▶ [EXERCISE DIRECTIONS]: Leave the pictures out and write out exactly the lines from the top of the entries through the line containing "首先,中国银行南岸支行副行长".

____________________

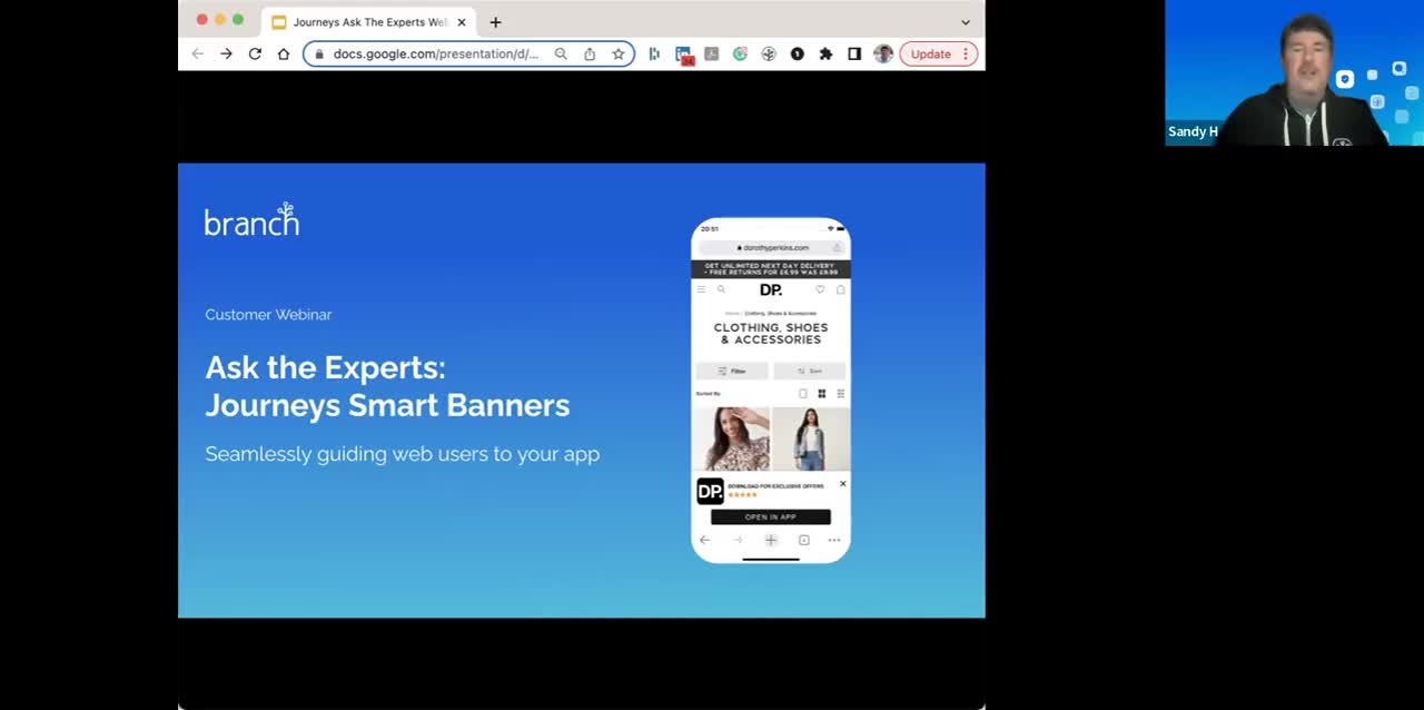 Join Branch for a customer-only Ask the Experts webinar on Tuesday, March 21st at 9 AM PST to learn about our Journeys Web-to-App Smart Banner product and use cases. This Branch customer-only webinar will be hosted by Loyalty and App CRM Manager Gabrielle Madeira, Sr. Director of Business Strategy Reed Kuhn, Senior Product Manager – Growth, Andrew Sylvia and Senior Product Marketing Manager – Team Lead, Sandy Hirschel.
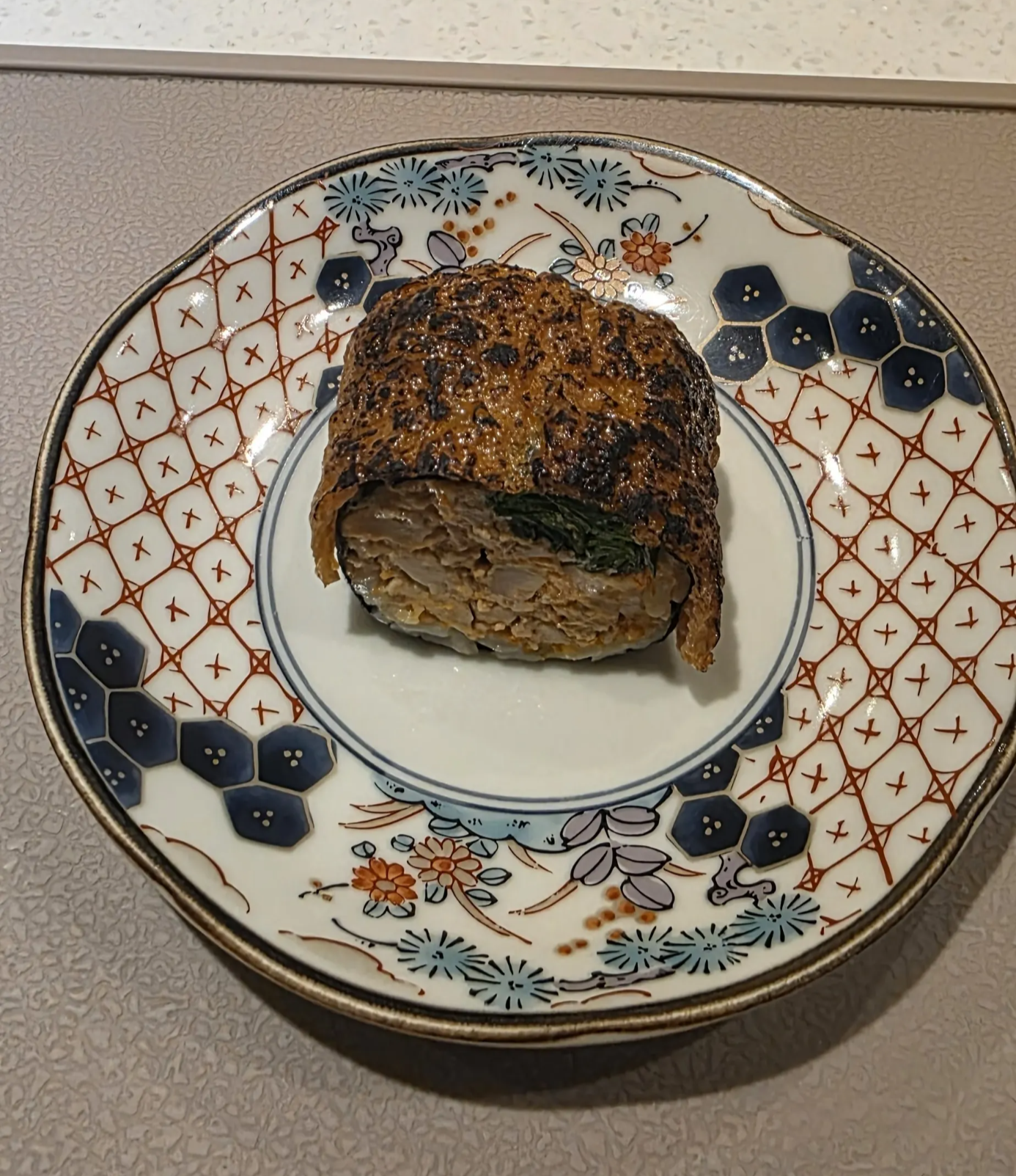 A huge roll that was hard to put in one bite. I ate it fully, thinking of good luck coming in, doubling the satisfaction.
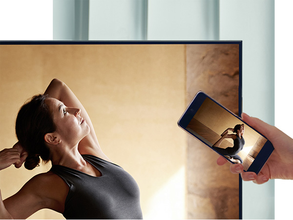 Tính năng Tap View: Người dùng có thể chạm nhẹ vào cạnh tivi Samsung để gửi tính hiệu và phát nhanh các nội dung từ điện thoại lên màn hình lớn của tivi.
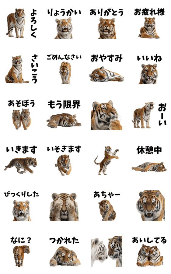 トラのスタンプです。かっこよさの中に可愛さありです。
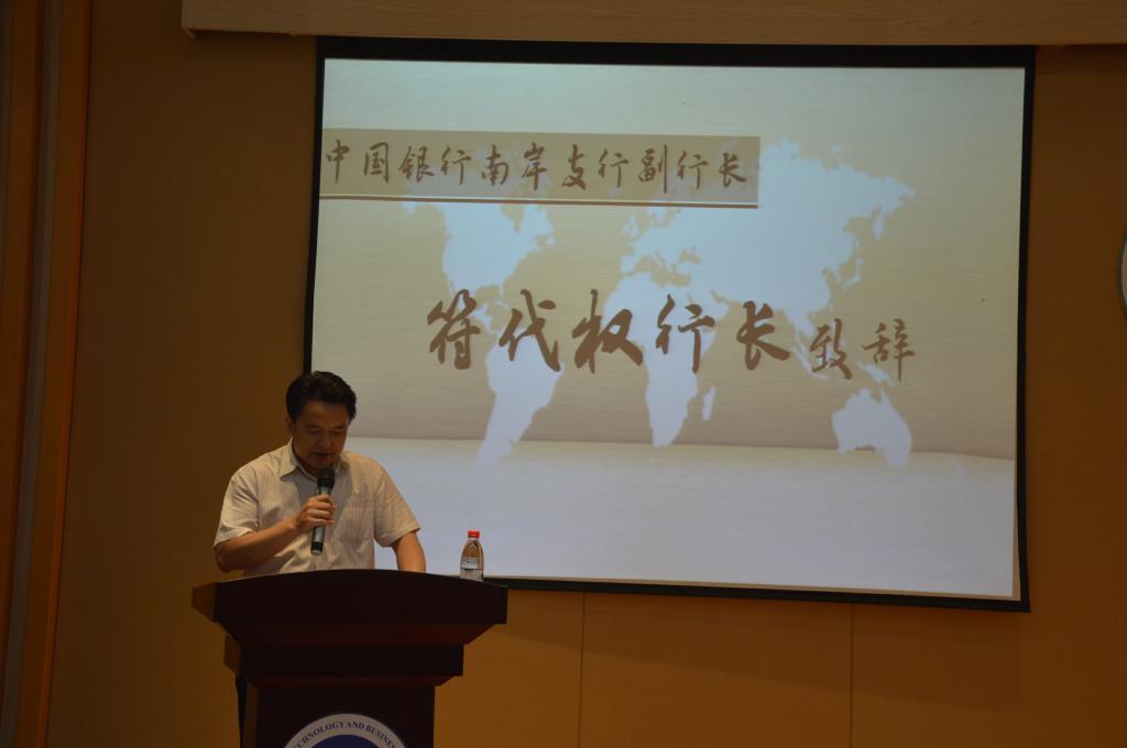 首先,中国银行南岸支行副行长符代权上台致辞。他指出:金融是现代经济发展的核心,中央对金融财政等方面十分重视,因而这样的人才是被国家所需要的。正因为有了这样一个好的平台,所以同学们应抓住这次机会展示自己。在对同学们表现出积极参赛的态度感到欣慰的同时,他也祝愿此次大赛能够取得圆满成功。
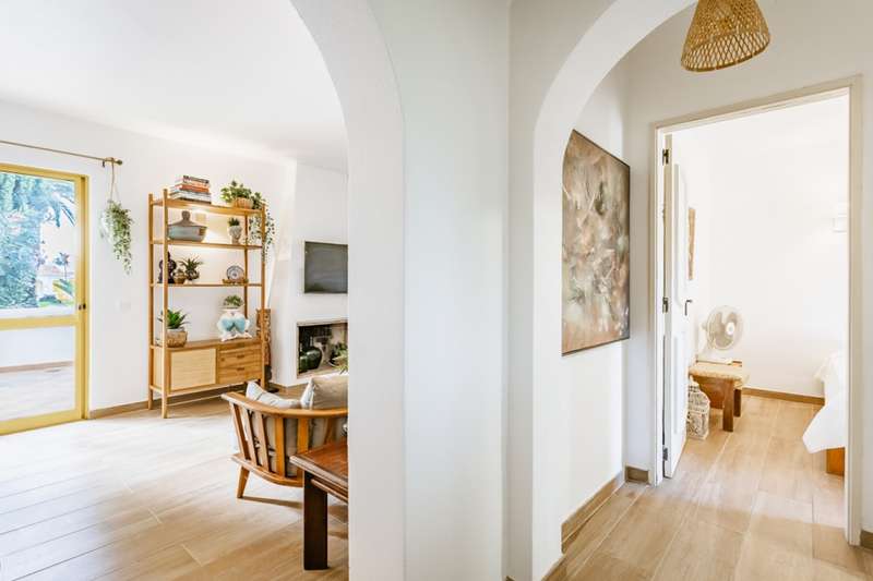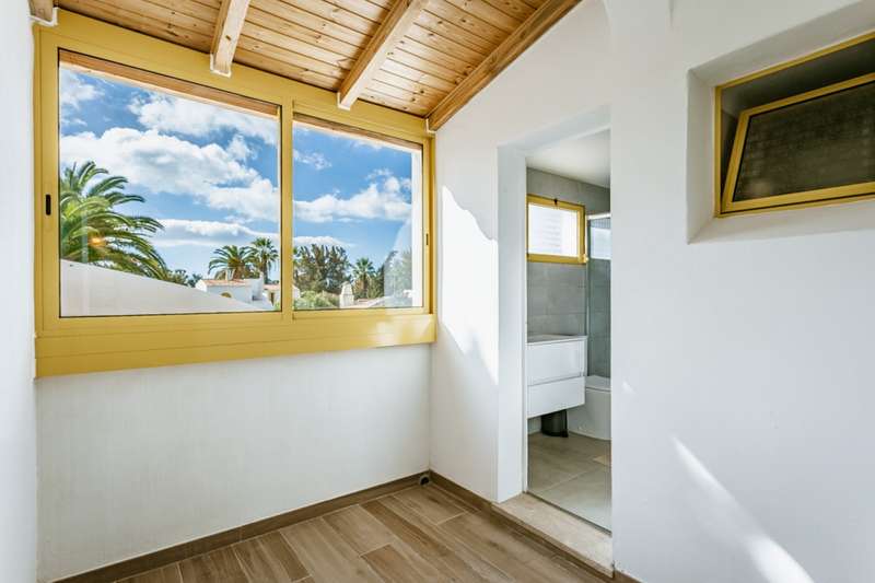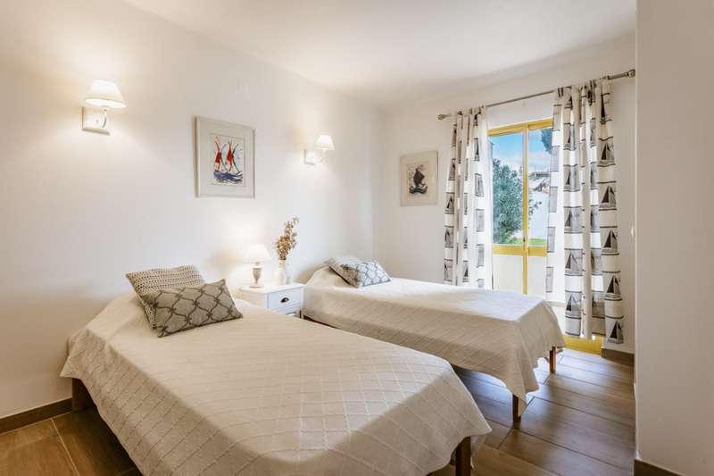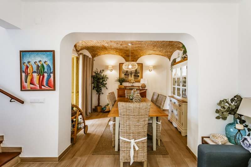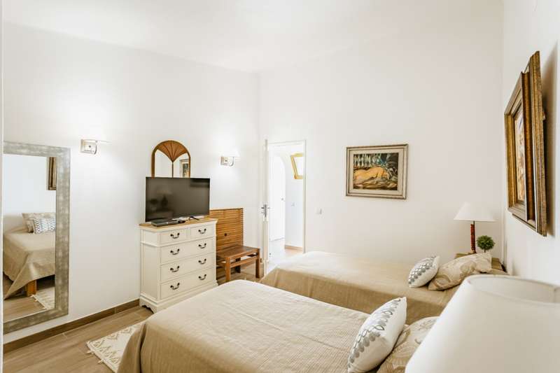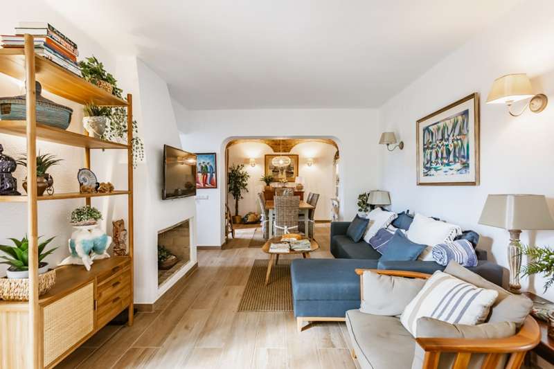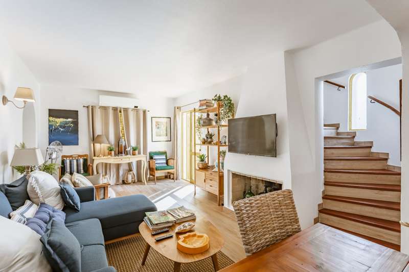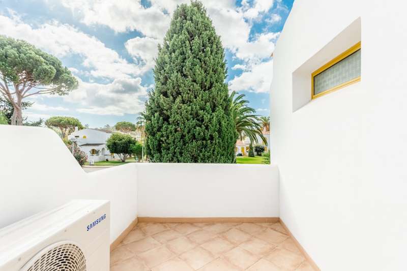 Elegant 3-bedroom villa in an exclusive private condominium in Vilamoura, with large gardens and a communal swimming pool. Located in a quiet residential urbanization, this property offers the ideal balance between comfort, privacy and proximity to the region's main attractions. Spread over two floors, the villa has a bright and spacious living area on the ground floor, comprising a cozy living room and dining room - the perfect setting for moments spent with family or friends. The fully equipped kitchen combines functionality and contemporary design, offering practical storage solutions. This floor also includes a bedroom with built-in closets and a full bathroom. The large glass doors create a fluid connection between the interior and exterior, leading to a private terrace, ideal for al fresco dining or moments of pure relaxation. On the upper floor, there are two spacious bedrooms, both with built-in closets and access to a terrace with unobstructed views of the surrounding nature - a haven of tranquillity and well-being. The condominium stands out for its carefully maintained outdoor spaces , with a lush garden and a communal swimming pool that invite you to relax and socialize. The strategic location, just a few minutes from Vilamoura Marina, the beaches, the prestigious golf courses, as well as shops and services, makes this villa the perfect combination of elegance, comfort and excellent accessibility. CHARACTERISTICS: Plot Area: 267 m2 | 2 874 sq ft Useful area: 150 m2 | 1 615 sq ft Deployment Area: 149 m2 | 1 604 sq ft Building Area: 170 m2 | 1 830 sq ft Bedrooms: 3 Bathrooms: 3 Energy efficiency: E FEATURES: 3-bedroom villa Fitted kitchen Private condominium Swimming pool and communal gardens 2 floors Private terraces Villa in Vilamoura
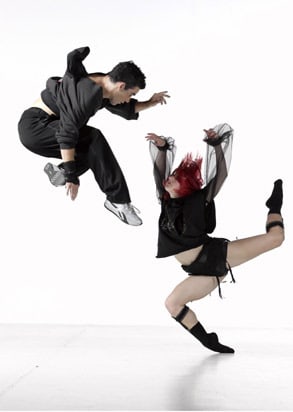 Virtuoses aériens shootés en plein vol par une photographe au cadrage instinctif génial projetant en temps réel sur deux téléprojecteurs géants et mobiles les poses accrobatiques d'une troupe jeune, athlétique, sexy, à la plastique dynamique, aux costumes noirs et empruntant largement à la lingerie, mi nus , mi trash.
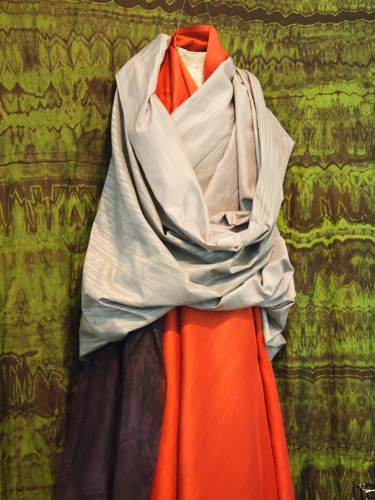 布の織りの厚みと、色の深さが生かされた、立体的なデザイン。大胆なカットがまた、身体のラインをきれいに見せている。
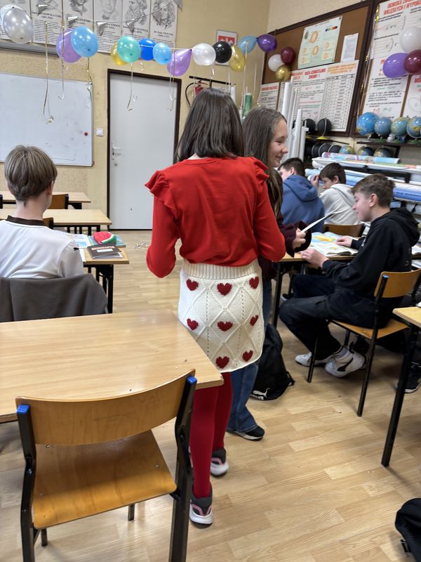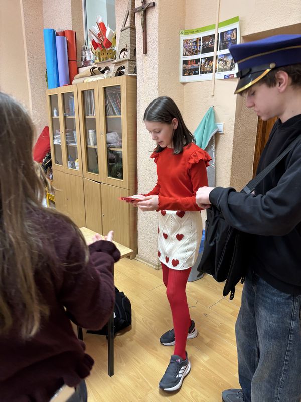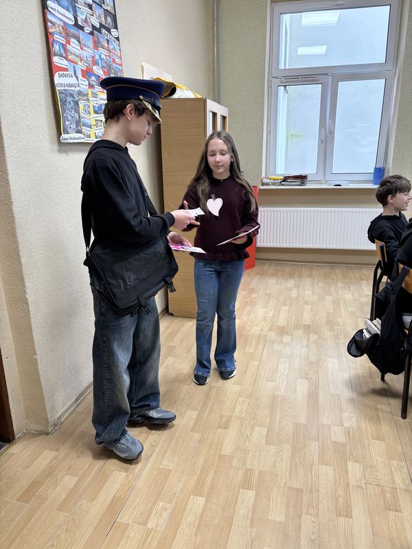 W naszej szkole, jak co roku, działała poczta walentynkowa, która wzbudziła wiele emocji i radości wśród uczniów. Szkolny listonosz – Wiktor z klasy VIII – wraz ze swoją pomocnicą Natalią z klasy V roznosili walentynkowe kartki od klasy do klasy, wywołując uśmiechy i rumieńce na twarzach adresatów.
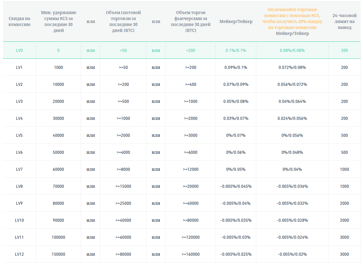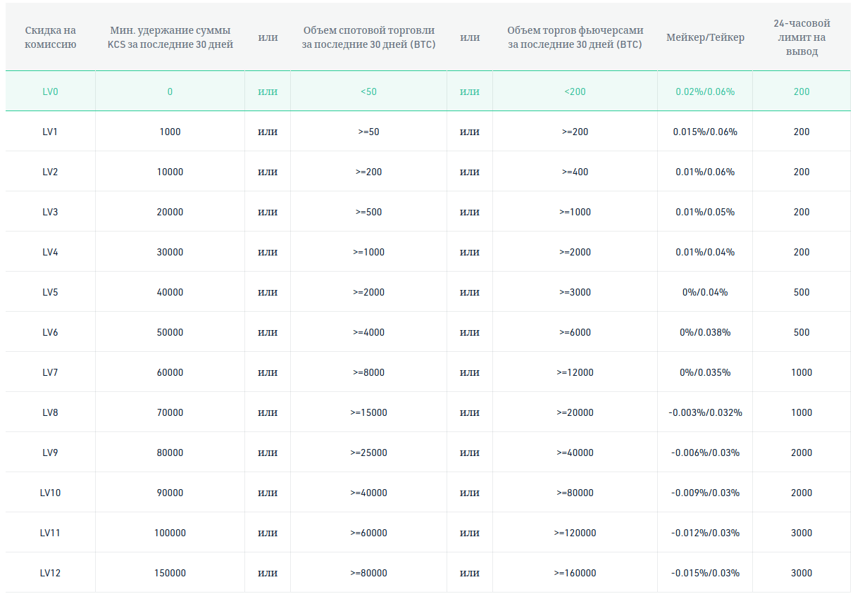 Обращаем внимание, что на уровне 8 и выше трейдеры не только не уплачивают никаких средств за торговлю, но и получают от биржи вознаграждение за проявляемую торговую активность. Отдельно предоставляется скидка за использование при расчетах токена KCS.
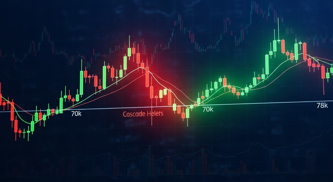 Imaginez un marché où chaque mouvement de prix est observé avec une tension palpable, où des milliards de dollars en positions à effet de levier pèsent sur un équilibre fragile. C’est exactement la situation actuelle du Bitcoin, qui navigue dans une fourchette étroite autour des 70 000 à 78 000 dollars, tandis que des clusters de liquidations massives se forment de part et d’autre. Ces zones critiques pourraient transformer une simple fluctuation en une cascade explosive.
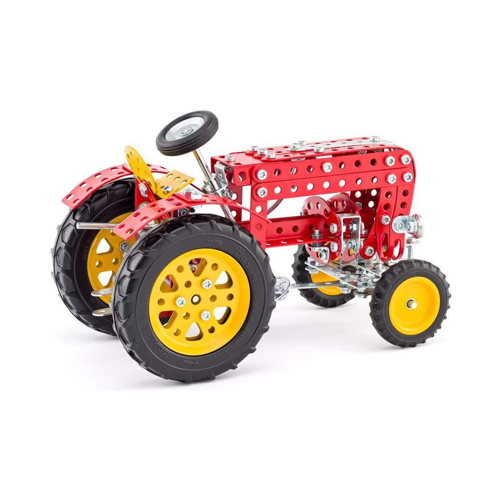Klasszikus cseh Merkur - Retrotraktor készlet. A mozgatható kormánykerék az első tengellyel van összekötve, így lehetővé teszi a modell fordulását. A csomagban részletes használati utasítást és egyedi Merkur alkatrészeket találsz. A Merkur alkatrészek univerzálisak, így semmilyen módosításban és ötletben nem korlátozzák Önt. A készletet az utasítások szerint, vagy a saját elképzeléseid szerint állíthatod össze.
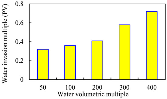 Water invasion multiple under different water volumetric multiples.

____________________

▶ [RESULT OF THIS TASK]:
 Join Branch for a customer-only Ask the Experts webinar on Tuesday, March 21st at 9 AM PST to learn about our Journeys Web-to-App Smart Banner product and use cases. This Branch customer-only webinar will be hosted by Loyalty and App CRM Manager Gabrielle Madeira, Sr. Director of Business Strategy Reed Kuhn, Senior Product Manager – Growth, Andrew Sylvia and Senior Product Marketing Manager – Team Lead, Sandy Hirschel.
 A huge roll that was hard to put in one bite. I ate it fully, thinking of good luck coming in, doubling the satisfaction.
 Tính năng Tap View: Người dùng có thể chạm nhẹ vào cạnh tivi Samsung để gửi tính hiệu và phát nhanh các nội dung từ điện thoại lên màn hình lớn của tivi.
 トラのスタンプです。かっこよさの中に可愛さありです。
 首先,中国银行南岸支行副行长符代权上台致辞。他指出:金融是现代经济发展的核心,中央对金融财政等方面十分重视,因而这样的人才是被国家所需要的。正因为有了这样一个好的平台,所以同学们应抓住这次机会展示自己。在对同学们表现出积极参赛的态度感到欣慰的同时,他也祝愿此次大赛能够取得圆满成功。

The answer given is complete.